Samantha Cutrara, an historian, educator, and curriculum specialist at York University, has been awarded the 2018 Frances E. Russell Grant. The $1,000 grant is presented by the Canadian section of the International Board on Books for Young People.
Cutrara will use the grant to continue her research into how Canadian history is portrayed in children’s graphic novels. She recently studied how topics like residential schools, Chinese labourers on early Canadian railways, and suffragists are portrayed in children’s picture books.
The project takes off partly from her 2012 academic essay collection about Chester Brown’s 2003 graphic novel Louis Riel. “It has received a lot of accolades about how groundbreaking it is in terms of telling stories about history,” Cutrara says, before adding with a laugh, “However, as soon as I read it, I was like, ‘This is incredibly sexist!’”
Only 3 per cent of the more than 1,420 panels showed a woman at all, she found, most of whom never spoke. “I found it a frankly offensive telling of history, as a feminist, as a gender scholar, as a historian,” she says.
“The article that I wrote [on Louis Riel] highlighted that while graphic novels and comic books can be a really interesting medium for telling stories in new ways, we still have to be aware of the ways in which visual representation of these histories can exacerbate absences and exacerbate ideas in ways that can be damaging,” she explains. “If I was reading a traditional history, I could imagine women being around.
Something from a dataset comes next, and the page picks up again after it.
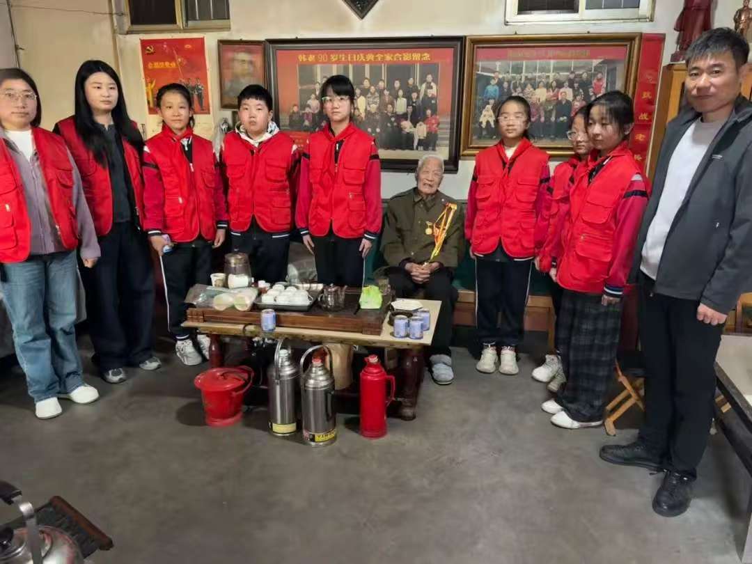 劉校長與老兵促膝長談,細(xì)心詢問老人的身體狀況、飲食起居,叮囑老人保重身體,遇到困難及時溝通。少先隊員們圍在老人身邊,用稚嫩的聲音送上“爺爺節(jié)日快樂”的問候,溫暖的話語讓老兵的家中充滿歡聲笑語,也讓老英雄感受到了來自校園的真摯關(guān)懷。

But with graphics, you can’t imagine women being around if they are literally drawn out of history.”
While she doesn’t intend to go deep into analysis of gender in her Russell grant project, she will examine ways that older and more biased narratives may be duplicated in graphic material. In 2017, she researched depictions of various historical events in Canadian children’s books, and the new project aims to fill in the gaps between that project and the graphic novel research.
“I was surprised when I did the picture-book research how few picture books there are for children about Canadian history,” she says. Graphic novels were the one area where she saw a concentration of exciting new titles, but most of these fell outside the age range of her picture-book study.
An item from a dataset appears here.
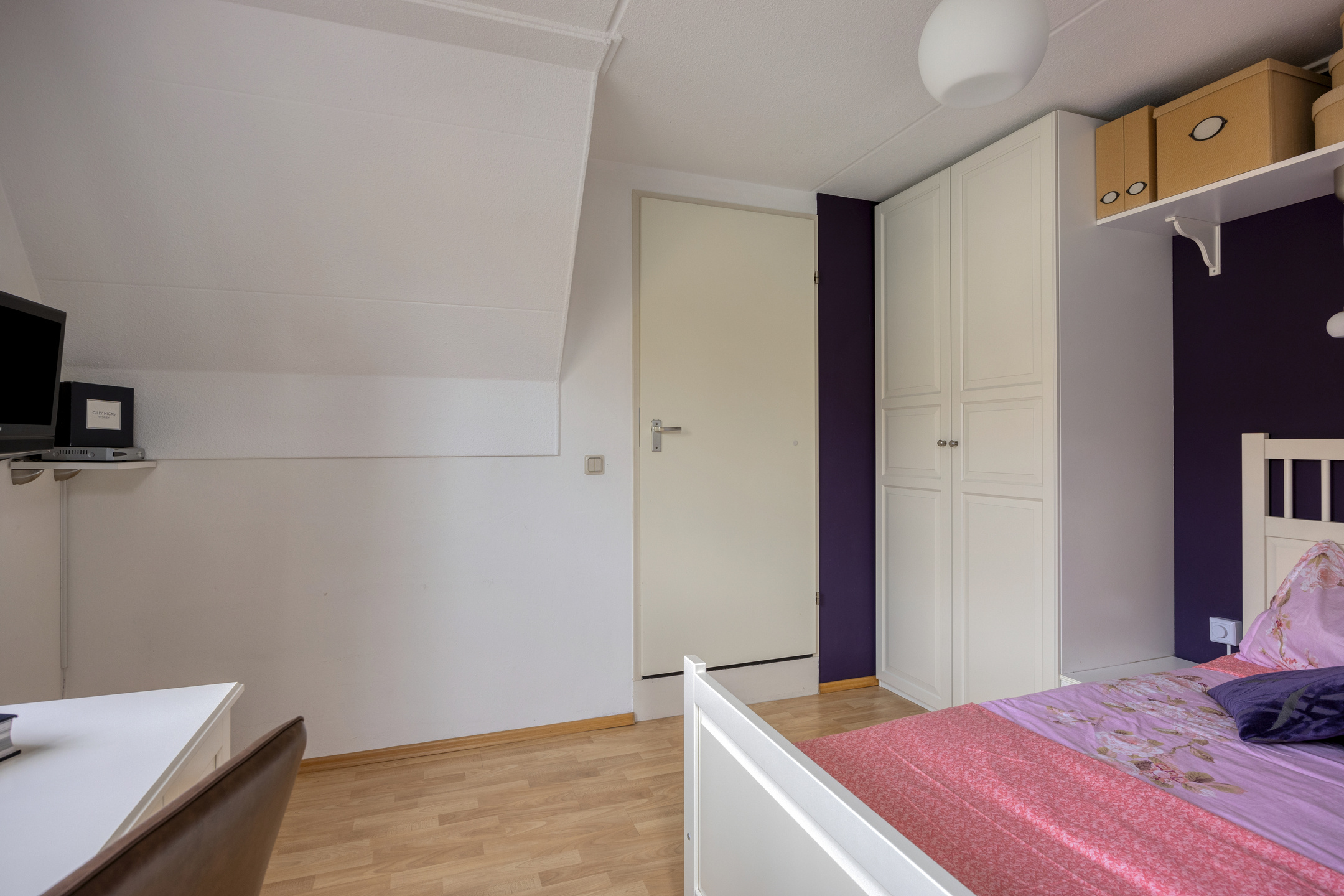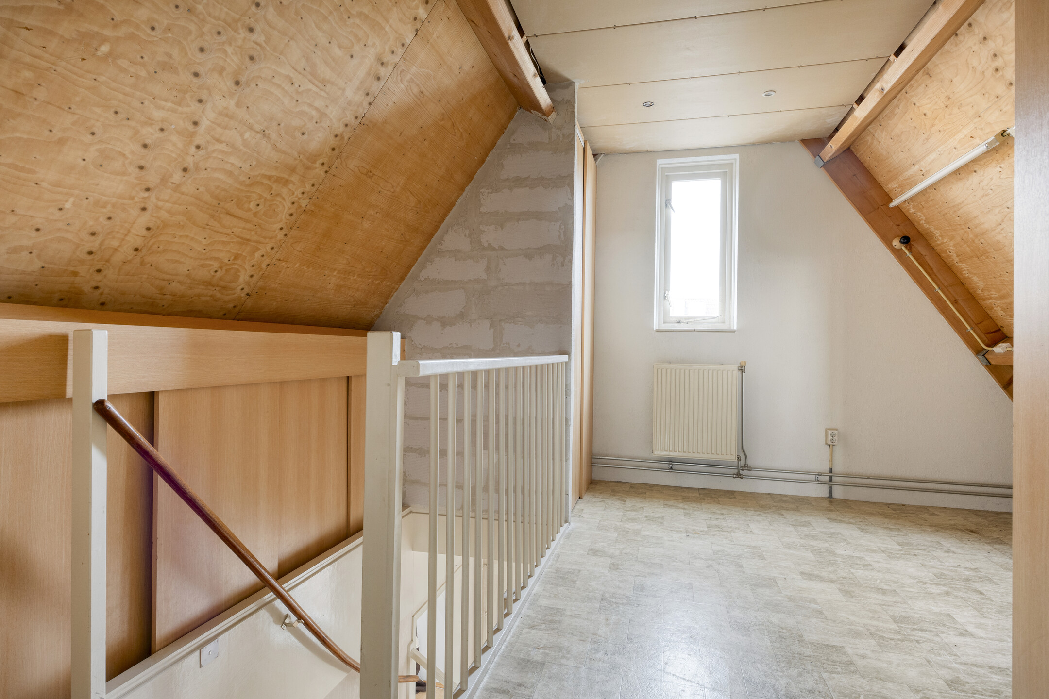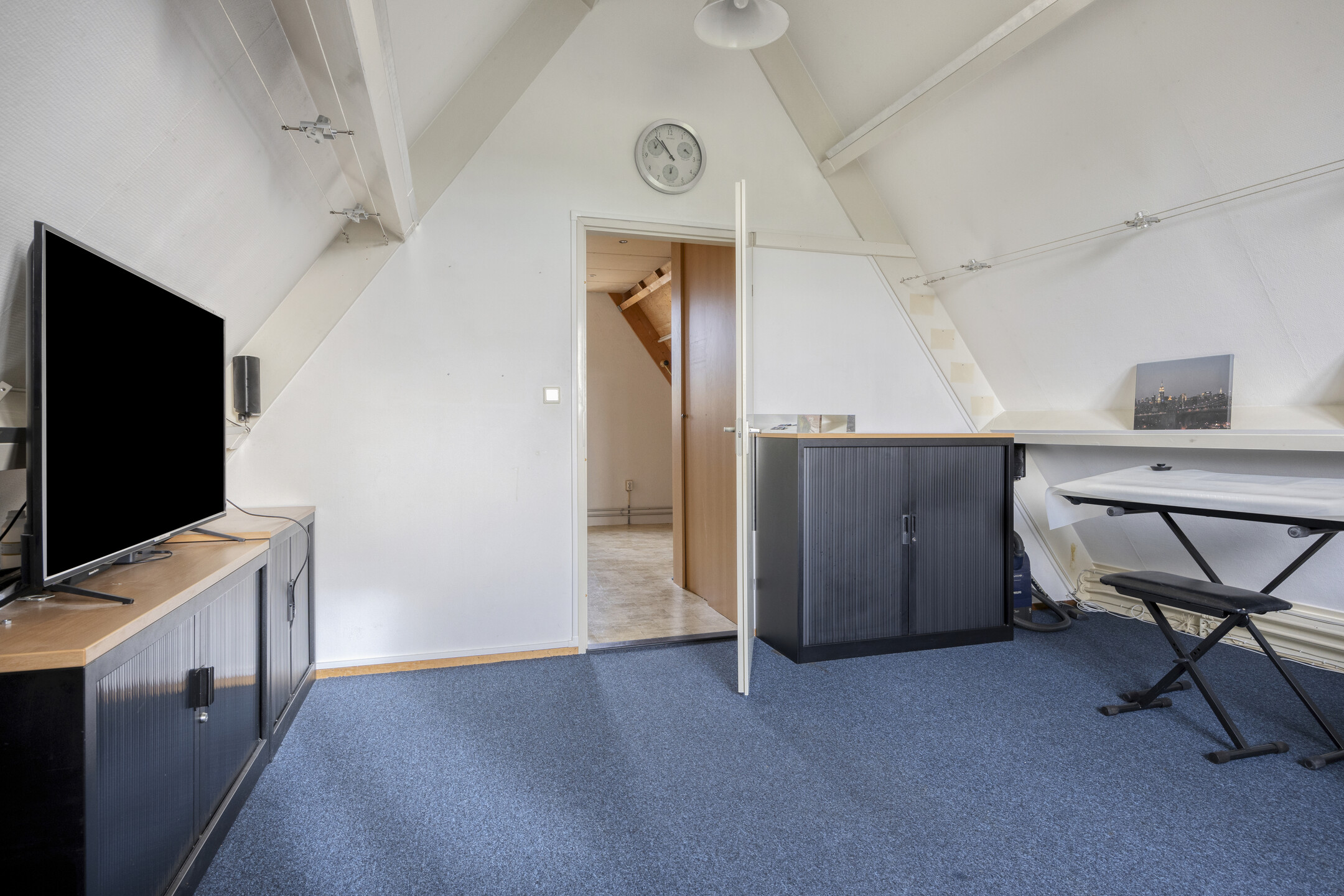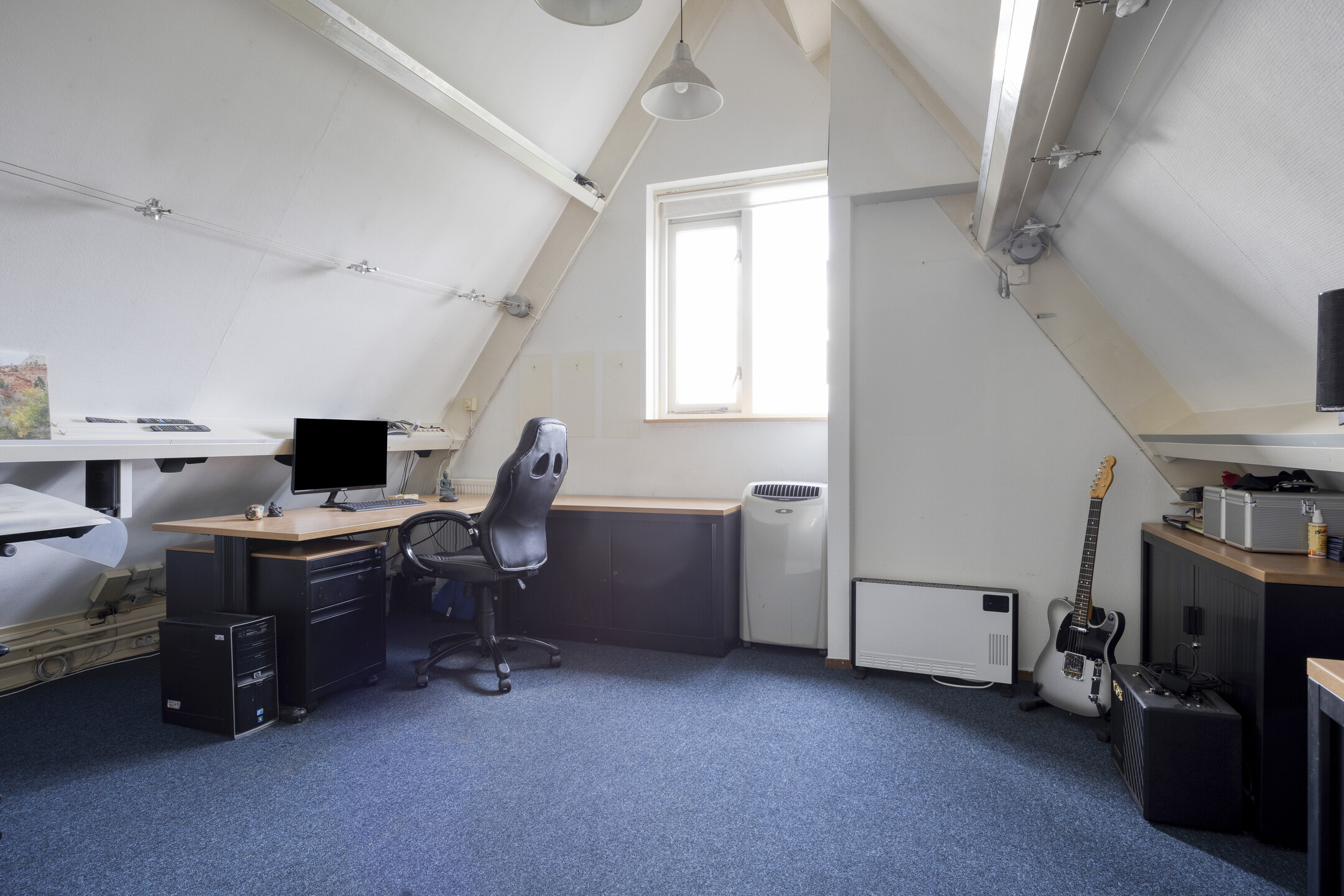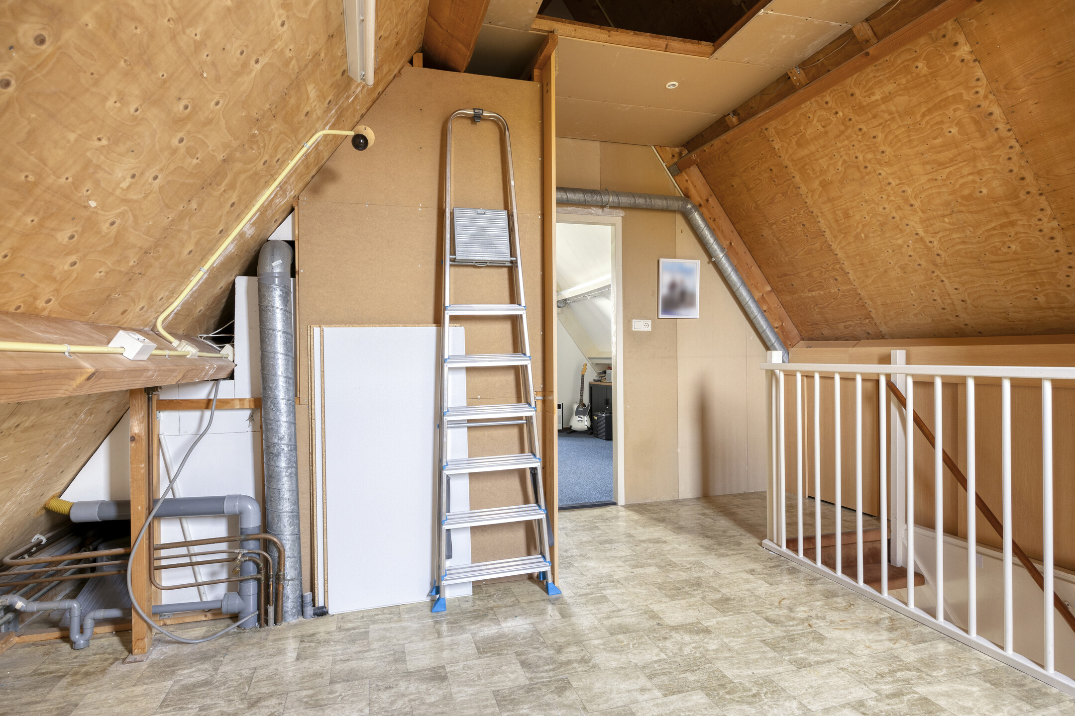 Ruime voorzolder waar eenvoudig een vijfde slaapkamer kan worden gecreëerd. Hier bevindt zich ook de berging/stookruimte (cv-installatie Atag, 2021) en met bergruimte achter de knieschotten. Aangrenzend bevindt zich de vierde slaapkamer (ca. 16 m2) met een fraai uitzicht op de sportvelden. Deze sfeervolle kamer, gelegen onder de schuine kap, is voorzien van airconditioning.

With the grant, she plans to return to those more mature graphic novels, such as Willow Dawson’s biography of Nellie McClung, Hyena in Petticoats, David Alexander Robertson’s Sugar Falls: A Residential School Story, and Scott Chantler’s Two Generals.
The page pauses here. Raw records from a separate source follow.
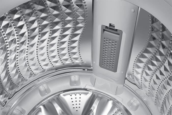 Lồng giặt được chú trọng hơn khi làm bằng thép không gỉ cao cấp, cho độ bền cao, hạn chế hoen gỉ, bám cặn, vi khuẩn, đảm bảo hiệu suất vận hành, giặt sạch, bảo vệ quần áo tối ưu.
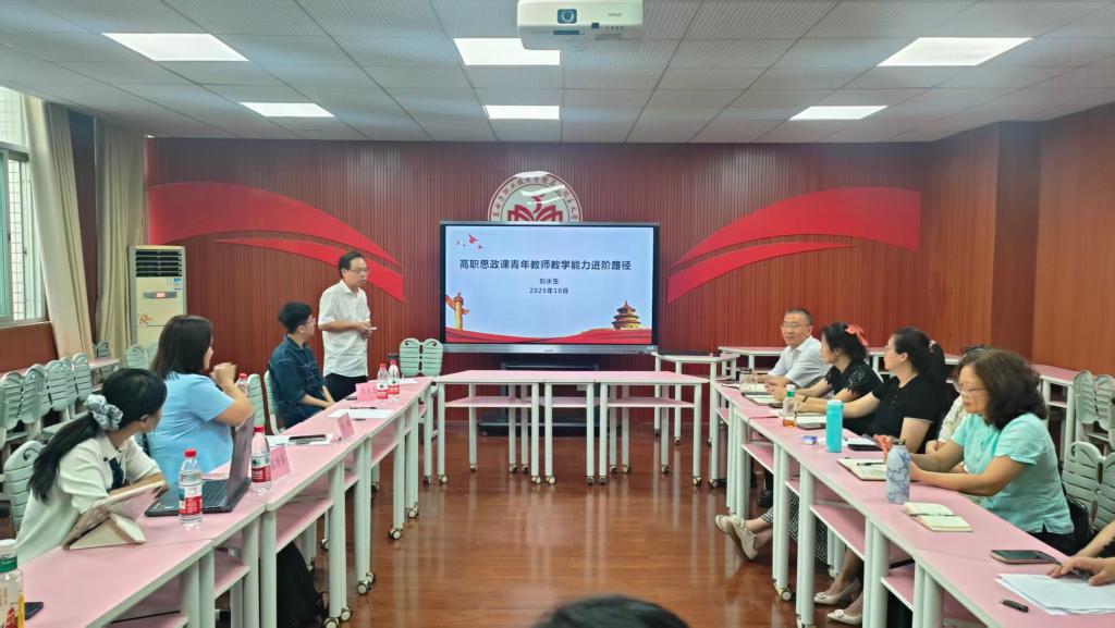 随后,刘永生教授和李琳教授就高职思政课青年教师的成长之问、教学上的痛点、教学能力进阶的路径作了专题分享。刘教授表示,青年教师首先要夯实专业基础,站稳讲台;进而实现从“照本讲授”到“研析整理”的教学方法升级,激活课堂;最终完成从“经验型”到“研究型”的能力跃迁。他强调,作为高职思政课教师也应积极参与课题申报与论文案例撰写,做到以研促教、以案促教,不断提升理论功底,夯实教学功力。李琳教授则深度解读了思政课教师应如何创新课堂教学形式、提高教学质量。她强调,思政课堂教学应围绕“吃透理论政策、强化价值引领、培养社会主义事业接班人”等目标,贯彻以学生为中心、结合专业背景、激发兴趣导入、注重以小见大、实现生动呈现、讲透重点内容等六大策略,全面提升思政课的吸引力与感染力。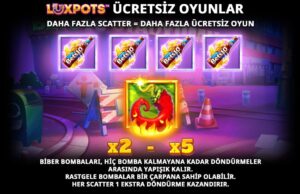 - 3 veya daha fazla Luxpots Biber Bombası Scatter sembolü elde ederek nakit ödüllerin kapısını arala. Unutma, her bir Scatter sembolü bir Ekstra Spin demek.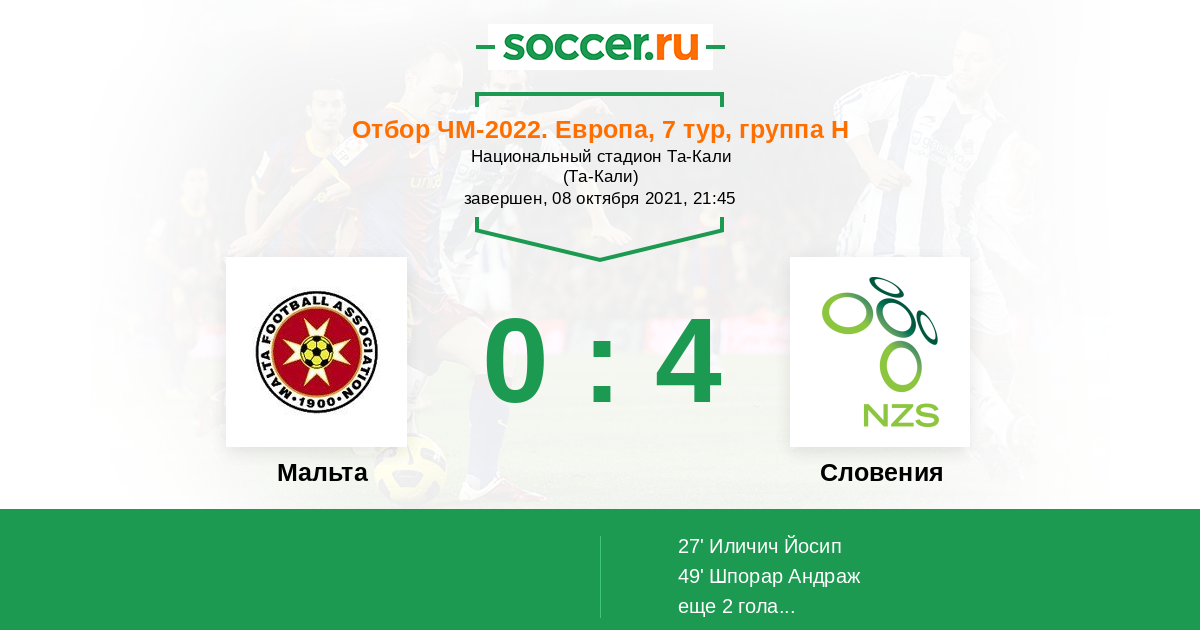 Протокол матча Мальта против Словения

Assessing the appropriate age group and potential curriculum links – and whether the two line up, based on standard history curricula across the country – will be part of that work. “I’m a history education strategist, and I find it really important that there’s always a foot in the classroom,” Cutrara says.
Depictions of gender and race will be part of her research, but primarily, she’ll be looking at whether the comics and graphic novels examined add something new to the historical narrative, showing different nuances of race, gender, and class as opposed to “the kind of standard Fathers of Confederation narrative.”
“Is it the same story but just drawn out?” she asks. “Or have new stories been able to emerge because of this different medium?”